Let’s not pretend - we’re all pretty addicted to screen time. Wherever we go, we’re glued to our smartphones, tablets, smart watches. But what would a future look like without those screens? A future without interfaces, and no visible UI?

Let’s take a look at exactly what zero UI is, and how it could potentially change the design landscape.

What is zero UI?

To better understand the term, we first ought to look at UI design itself. User interaction, or interaction design, is all about understanding how people interact with screens – namely, computer screens. This has now adapted to include different screen types and different devices, but the mission is still the same.

“Zero UI” is all about using sensory experiences (gestures, movement, voice) to trigger a particular reaction from a device.
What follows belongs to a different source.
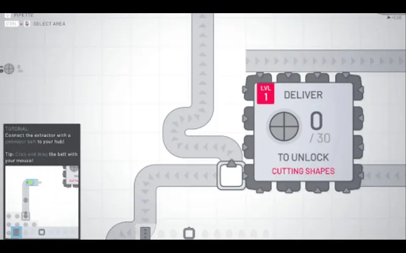 Le DLC Puzzles transforme shapez en un nouveau mode où vous créez des formes données avec un espace, des outils et des couleurs limités.
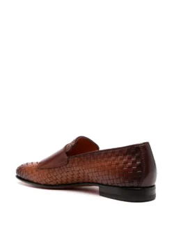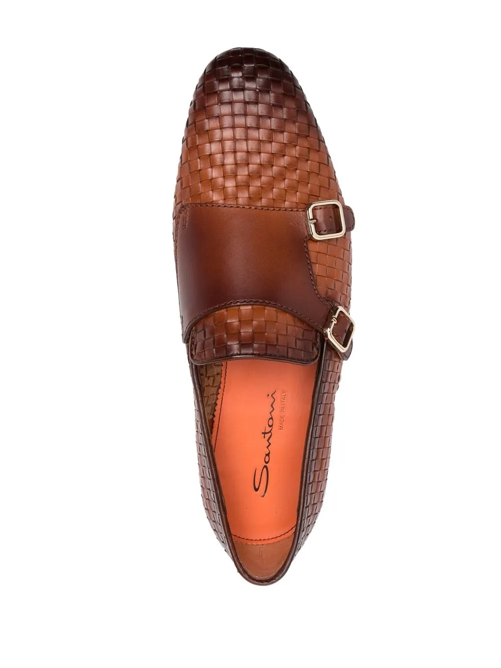 double-monk strap woven shoes from SANTONI featuring caramel brown, calf leather, interwoven design, side buckle fastening, gold-tone hardware, branded insole and flat leather sole.

It’s a term that was coined by Andy Goodman, back when he was Director of agency Fjord, and it’s been picked up across the design community.
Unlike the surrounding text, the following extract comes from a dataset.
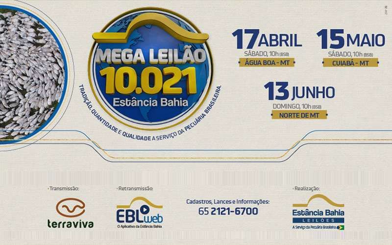 O Mega Leilão da Estância Bahia, edição Água Boa, será realizado dia 17 de abril na modalidade virtual. “ Assim, como foi no ano passado, vamos repetir o formato e seguir rigorosamente as recomendações das autoridades para evitar aglomeração das pessoas”. Maurício Tonhá.

Essentially, it’s about designing for technology that’s not only hands-free but screen-free too – entering into a whole new world of seamless interaction.

Zero UI goes hand-in-hand with AI

Smart AI devices are now an everyday commodity, and machine learning plays a key role in the functionality of zero UI. AI is all about breaking down barriers and understanding what we as users want, then learning from that to provide it faster and better than before, sometimes before we even know what we want ourselves.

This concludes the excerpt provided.